Drug addiction is a complex illness characterized by intense and, at times, uncontrollable drug or alcohol cravings, along with compulsive drug seeking and use that persist even in the face of devastating consequences. While the path to drug addiction begins with the voluntary act of taking drugs, over time a person’s ability to choose not to do so becomes compromised, and seeking and consuming the drug becomes compulsive. This behavior results largely from the effects of prolonged drug exposure on brain functioning. Addiction is a brain disease that affects multiple brain circuits, including those involved in reward and motivation, learning and memory, and inhibitory control over behavior.
Remaining in a residential treatment center for an adequate period of time is critical
The appropriate duration for an individual depends on the type and degree of his or her problems and needs. Research indicates that most addicted individuals need at least 3 months in treatment to significantly reduce or stop their drug use and that the best outcomes occur with longer durations of treatment. Recovery from drug addiction is a longterm process and frequently requires multiple episodes of treatment. As with other chronic illnesses, relapses to drug abuse can occur and should signal a need for treatment to be reinstated or adjusted. Because individuals often leave treatment prematurely, programs should include strategies to engage and keep patients in treatment.
Treatment does not need to be voluntary to be effective
Sanctions or enticements from family, employment settings, and/or the criminal justice system can significantly increase treatment entry, retention rates, and the ultimate success of drug treatment interventions.

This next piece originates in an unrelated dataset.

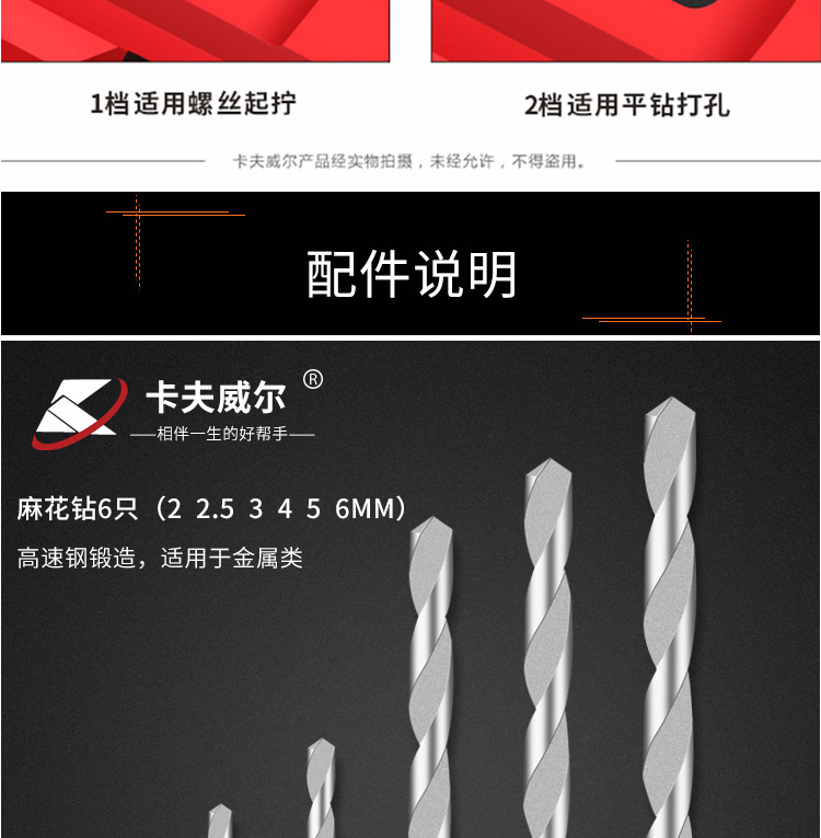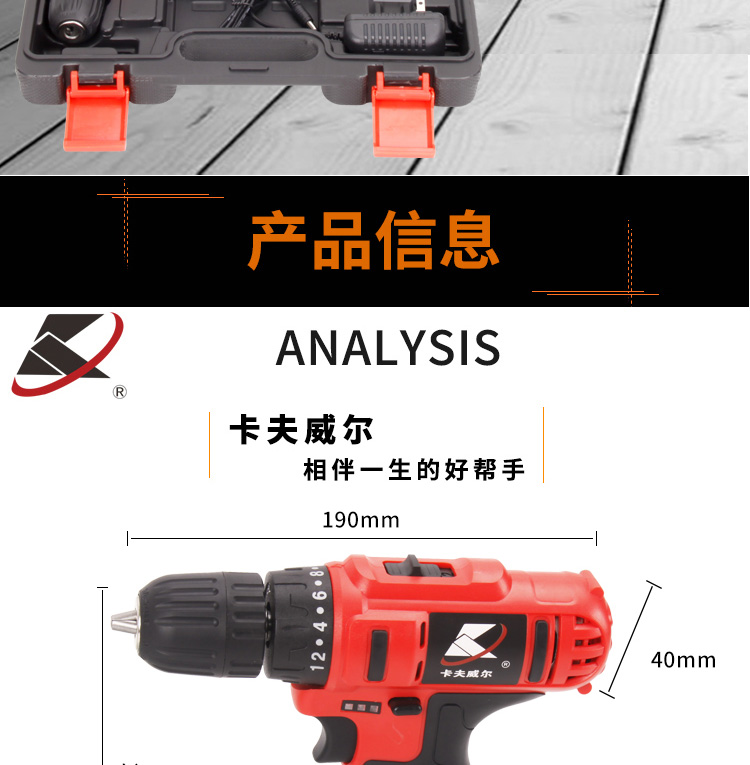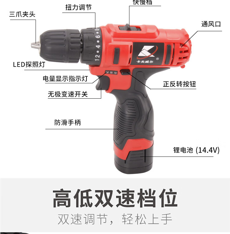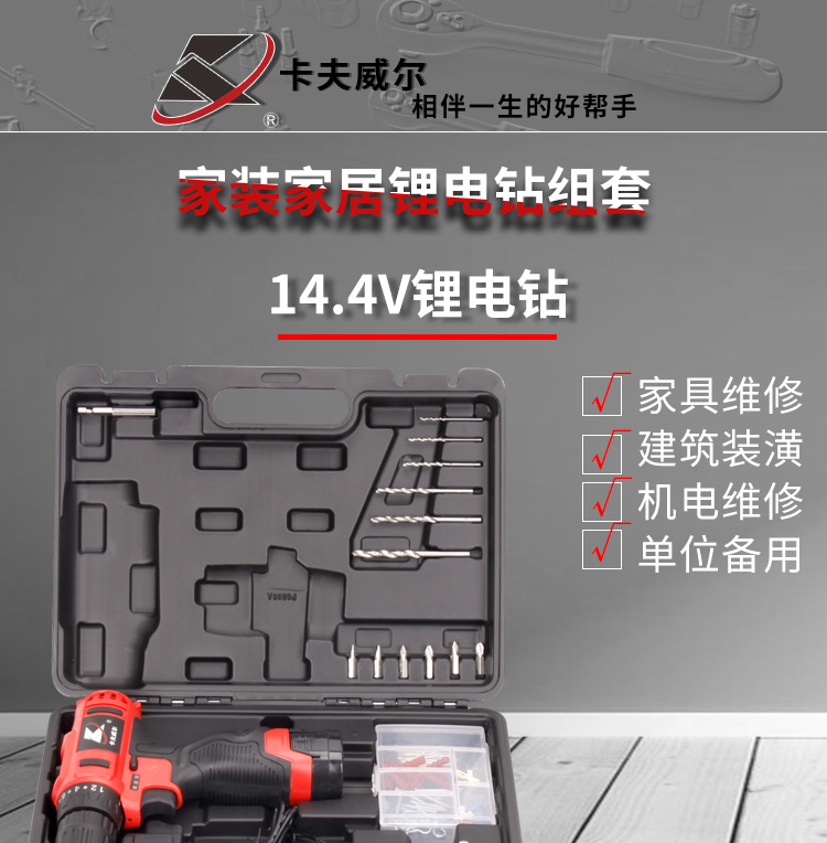 卡夫威尔 15件套14.4V多功能锂电钻套装 日常家用工具箱套装 家居备用手电钻工具组套( 一电一充)P3070A

Residential Drug Treatment
Residential treatment programs are usually the most effective, especially for those with more severe problems. For example, therapeutic communities (TCs) are highly structured programs in which patients remain at a residence, typically for 6 to 12 months. TCs differ from other treatment approaches principally in their use of the community—treatment staff and those in recovery—as a key agent of change to influence patient attitudes, perceptions, and behaviors associated with drug use. Patients in TCs may include those with relatively long histories of drug addiction, involvement in serious criminal activities, and seriously impaired social functioning. TCs are now also being designed to accommodate the needs of women who are pregnant or have children. The focus of the TC is on the resocialization of the patient to a drug-free, crime–free lifestyle.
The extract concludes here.